非営利団体のLiMo Foundationは米国時間3月31日、ラスべガスで開催された「CTIA Wireless 2008」のプレカンファレンスで「LiMo Platform Release 1」のリリースを発表した。Release 1では携帯電話を動作させるのに必要な基本OSのみを提供し、そのOS上に訴求力のあるユーザーインターフェース(UI)やアプリケーションを実装するのは、携帯電話機メーカーと通信事業者の手に委ねられる。
LiMo Foundationの国際マーケティング担当ディレクターを務めるAndrew Shikiar氏は、「LiMoはついに、加盟企業が自由に配備できるプラットフォームの完成版をリリースすることができた。これはわれわれにとって、大きな成果だ」と述べている。LiMoには30社以上の携帯電話会社が加盟しており、サムスン電子、Motorola、Vodafone、NTTドコモといった大手が名を連ねるほか、最近では半導体メーカーのTexas Instrumentsもメンバーに加わっている。
携帯電話業界の大手企業は、携帯電話におけるLinuxの利用に高い関心を示している。
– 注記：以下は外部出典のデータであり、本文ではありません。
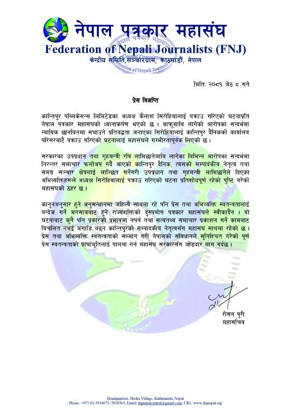 महासंघ महासचिव रोशन पुरीद्वारा जारी विज्ञप्तिमा सरकारका उपप्रधान तथा गृहमन्त्री रवि लामिछानेमाथि लागेका विभिन्न आरोपका सन्दर्भमा निरन्तर समाचार फलोअप गर्दै आएको कान्तिपुर दैनिक, त्यसको सम्पादकीय नेतृत्व तथा समग्र सञ्चार क्षेत्रलाई लाञ्छित गर्नेगरी उपप्रधान तथा गृहमन्त्री लामिछानेले दिएका अभिव्यक्तिहरूले अध्यक्ष सिरोहियालाई पक्राउ गरिएको घटना प्रतिशोधपूर्ण रहेको पुष्टि गरेको महासंघको ठहर भएको उल्लेख छ ।

Linuxは「Symbian OS」や「Windows Mobile」といった市販のOSより安価なうえ、単一の大手企業に支配されていない(SymbianはNokiaが、Windows MobileはMicrosoftがそれぞれ保有する)。そのため、携帯電話業界にとっては、これらの市販OSに取って代わり得る魅力的な選択肢となっている。また、Linuxは本質的にモジュール型のOSであり、携帯電話メーカーや通信事業者は、それぞれの顧客や地域に合わせて最適なUIやアプリケーションを実装できる。
だが、これは携帯電話用Linuxが抱える問題の一部でもある。各社が独自のLinuxを実装するため、アプリケーション開発者は各バージョンに合わせてプログラムを修正しなければならない。これは大変な作業だ。結果として市場が細分化され、Linuxが搭載されるのは比較的低価格の携帯電話に限られている。一方で、高性能スマートフォンの開発コミュニティは主に、Symbian、Windows Mobile、Research In Motion(RIM)の「BlackBerry」、そして成長著しいAppleの「iPhone」を軸に形成されている。
したがって、LiMo Foundationの目標は、各加盟企業が利用できる携帯電話向けの共通プラットフォームを構築し、さまざまな機器でアプリケーションの互換性を保証することだ。残念ながら、Release 1はこの目標を達成できていない。
Shikiar氏によると、2009年初めにリリース予定のRelease 2では、アプリケーションの移植性を向上させるという。また、OSのマルチメディア機能も向上する見込みだ。しかし、携帯電話市場にはそれよりも先に、「Google効果」の第1陣が到来しそうだ。
Google のオープン開発プラットフォームのAndroidと、Googleが2007年に結成したOpen Handset Alliance(OHA)は、携帯電話向けLinuxの開発を一本化するという、LiMo Foundationとよく似た目標を掲げている。Androidがリリースされる数カ月前にLiMo Foundationを設立した多くの企業が、OHAにも名を連ねている。このことは、今ではこれらの企業が、携帯電話向けLinuxソフトウェアを求めてLiMo以外に目を向けていることを示しているのかもしれない。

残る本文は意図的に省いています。